Alun Lewis Bennett (born 1949) is a British retired actor, with roles in drama and comedy and musician.

==Early life==
Lewis was born in London, England, the son of Welsh parents Sarah Gwen (née Lewis) and Gorden Bennett. He is the younger brother of actor Hywel Bennett, who played many roles in British film and television.

==Career==
He appeared with the National Youth Theatre in Zigger Zagger at the Strand Theatre in the West End in March 1968 before training as an actor at RADA.

In 1979, Lewis appeared in the humorous film Le Pétomane. He is best known for his roles in ITV's Emmerdale as postmaster Vic Windsor, and Darryl Stubbs in BBC1 sitcom Birds of a Feather from 1989 to 1994.
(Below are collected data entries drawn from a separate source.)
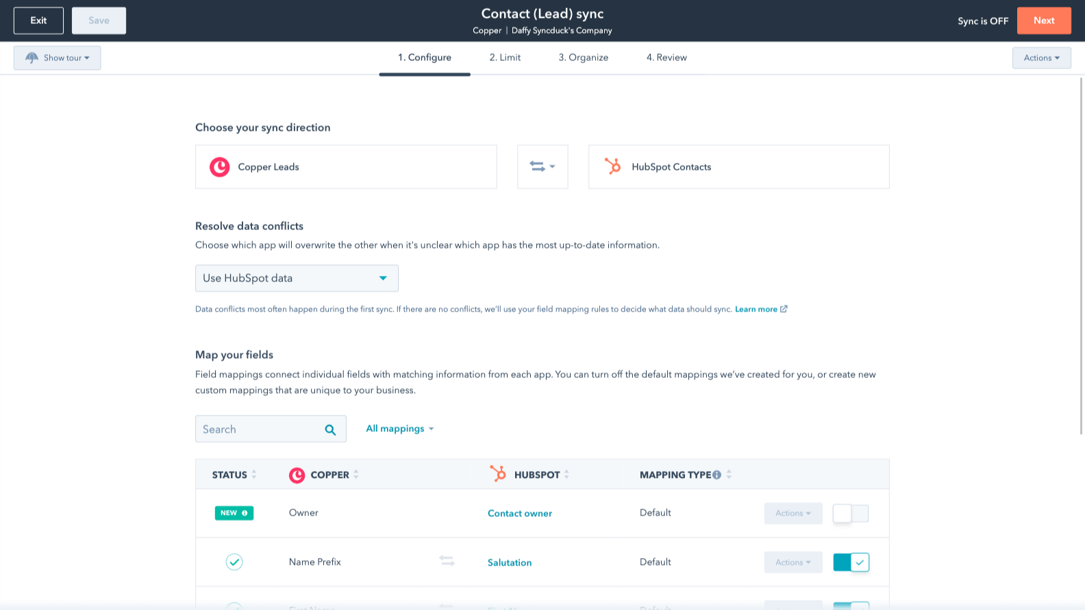 - Two-way sync: Data is shared between Copper and HubSpot in real time
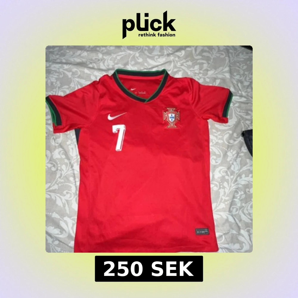 Säljer en röd Portugal fotbollströja från Nike med gröna detaljer vid krage och ärmslut. Nummer 7 och Ronaldo tryckt på ryggen, samt Portugals landslagsmärke på bröstet. Kortärmad modell i lätt och ventilerande material, perfekt för match eller träning. Kan diskutera om priset!
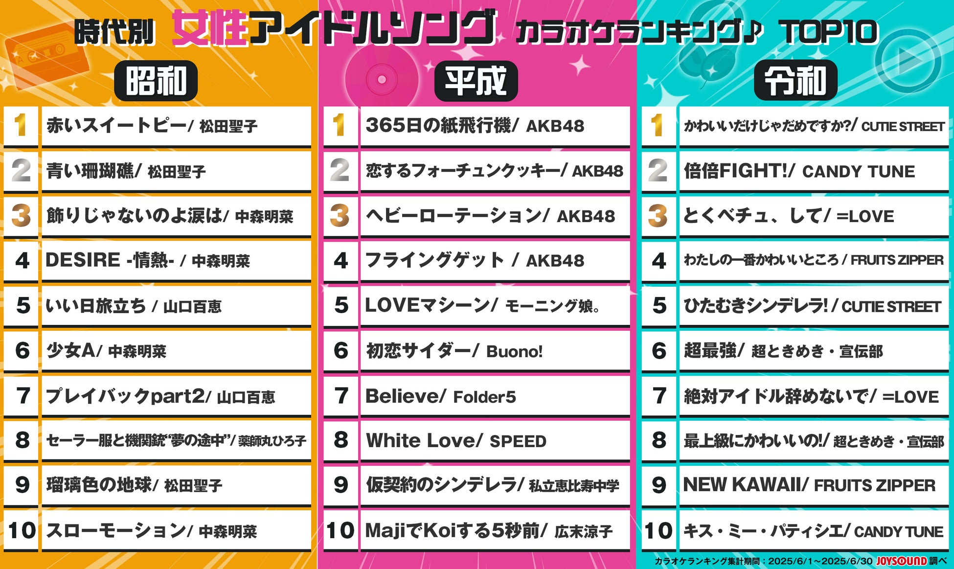 世代を超えて歌われる鉄板曲は!?JOYSOUNDが昭和・平成・令和のアイドルソングを徹底解剖!「アイドルソング カラオケランキング」を発表!

Alongside Emmerdale co-stars Steve Halliwell and Billy Hartman, he was a member of UK 1990s country rock trio The Woolpackers who had a UK hit single "Hillbilly Rock Hillbilly Roll" in November 1996.

==Personal life ==
His daughter, by his former wife Annette Ekblom, is composer Amelia Warner.

==Television==
- Beryl's Lot (1977)
- Rising Damp – Robin (1978) in S4, Episode 1 "Hello, Young Lovers"
- Noah's Castle (1979)
- The Professionals – CI5 agent McCabe in episode The Acorn Syndrome (1979)
- Minder – Jim in episode "Whose Wife is it Anyway?" (1980)
- Ennal's Point (1982)
- Boon (1987)
- The Wind in the Willows – Thomas (voice) in the episode "Happy New Year" (1988)
- The Bill (1989)
- Birds of a Feather – Darryl Stubbs (1989–1994)
- Rumpole of the Bailey (1991)
- Emmerdale – Vic Windsor (1993–1998)
- Lexx (2001)
- The Watcher in the Woods (2017)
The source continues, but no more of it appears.